Saturday, March 20, 2010

Sunday Vote, But What Sunday?

The Big Vote to Make History ("history" restored to the rhetoric immediately after the SWNIDish note calling attention to its absence) is scheduled for Sunday.

We don't think it'll be this Sunday. And if it is, it'll be no.

Why?

Henry Waxman (D-Beverley Hills, and we're not making that up) says there'll be no deal with abortion foes. As everyone knows Waxman to be a less well turned out version of Nancy Pelosi, the statement is authoritative. There will be no reclaiming those votes.

The astute John Fund notes that some forty House Dems who voted yes last year are now explicitly undecided. There aren't enough favors in the world to satisfy all forty, as each will need one more favor than the previous received in exchange for a yes. As there's obviously no need to play this for suspense, we take it that these holdouts are largely still in play.

WSJ also notes that last-minute horse trading is slowing stuff down. Any deals that affect the bottom line might be held up further for checks with the now-exhausted CBO, whose director has complained publicly about his staff's 100-hour work weeks of late.

But isn't everyone treating this deadline as if it's certain, and isn't it obvious that Pelosi wouldn't announce a deadline without the votes? Yes, except that this isn't the first deadline missed, though it could prove to be the last. Yes, except that Pelosi has misoverestimated her ability to gather votes before. We note that even the very-pro-Obama AP is now hedging its reports about ObamaCare certitude, albeit with Obama still cast as Statesmanlike Hero.

Along the way, don't miss this remark by the astute and polite Peggy Noonan:

Excuse me, but it is embarrassing--really, embarrassing to our country--that the president of the United States has again put off a state visit to Australia and Indonesia because he's having trouble passing a piece of domestic legislation he's been promising for a year will be passed next week. What an air of chaos this signals to the world. And to do this to Australia of all countries, a nation that has always had America's back and been America's friend.*


Obama's cancellation of this major trip is akin to Carter's infamously impotent pledge not to leave the White House until the Iran hostages were free. Obama's pledge is a little different: instead of visiting key allies in a suit, he's going to basketball arenas in rolled-up shirtsleeves. Now the trip will be in June, but we wager that there will be no ObamaCare deal by then, either.

Noonan notes as well the President's pledge on Fox to "post" the bill so that everyone can read it before voting.

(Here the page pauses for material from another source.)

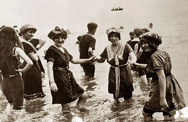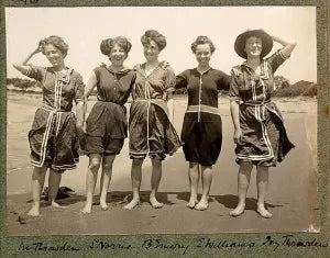 Circa 1900, this original bathing suit is composed of two separate garments; a high-waisted skirt and romper-style playsuit. It would have been traditionally worn with the skirt over the romper. Many of the designs, often home sewn or dressmaker made from available sewing patterns, referenced naval styles and were fashionable for bathers from the late 1880s through to around 1910.

We doubt that such can be done when the bill doesn't exist on Saturday but will be voted "up or down" on Sunday. That is, if there's anything voted: who knows what the House Rules Committee will concoct today?**

Either Sunday's vote will be no or Sunday's vote won't happen this Sunday. This stinker is dead, but they just won't bury it.

P.S. We draw attention to our breaking a SWNIDish rule in all this. We studiously avoid making statements about what will happen in the future, as the future is so heavily contingent on unpredictable stuff. In this case, we are willing to make an exception, both for the monstrous momentousness of what's happening and for its resonance with so many other episodes of our experience in which bad ideas have traveled through similar stages of anxiety only to end with a pathetic whimper.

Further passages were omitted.